Scottish Snowdrop Festival offers a Burst of Winter Beauty

The Scottish Snowdrop Festival returns for 2022 and across the country, dozens of gardens, woodlands and estates will be inviting visitors to enjoy sheets of white flowers and collections of special varieties of mid-winter’s loveliest bloom.

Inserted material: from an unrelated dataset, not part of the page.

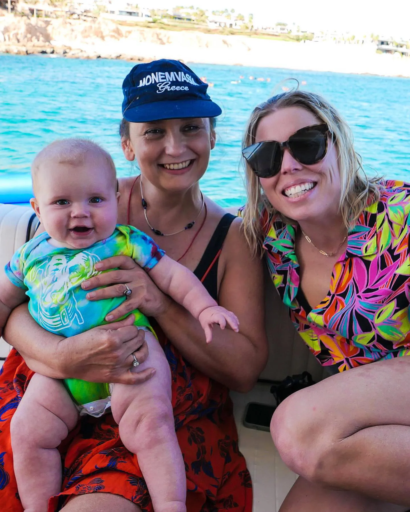 Dobrev showed off her fun side in one image as she toasted the group with a red Solo cup at the front of the boat. She also highlighted her and her partner’s families in a series of snaps, including a close-up of her mom holding White’s nephew as his sister, Kari, sat beside them both.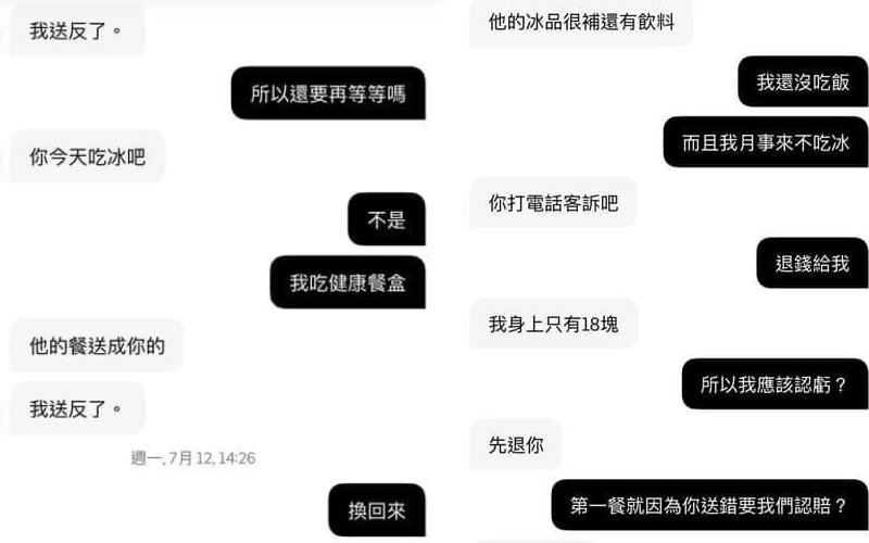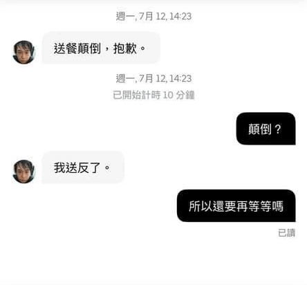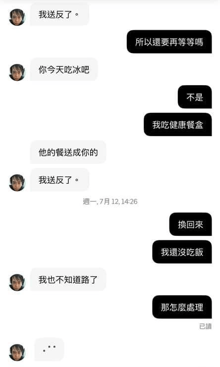 「我們昨天訂餐也送反,又ㄧ直連絡不上外送員,店家給我們另一個客人的電話,結果自己去交換回來。」

Galanthus nivalis Sandersii Group, Bruckhills Croft Garden, Aberdeenshire

The Festival runs throughout the peak of snowdrop season, from Tuesday 25th January until Friday 11th March and during that time visitors can discover snowdrops growing in all kinds of places, from Teasses Estate in Fife, where there will be opportunities for candlelight walks in woodlands filled with snowdrops, to 10 Pilmuir Road West in Forres where a specialist collection of more than 150 different snowdrop varieties will be on display.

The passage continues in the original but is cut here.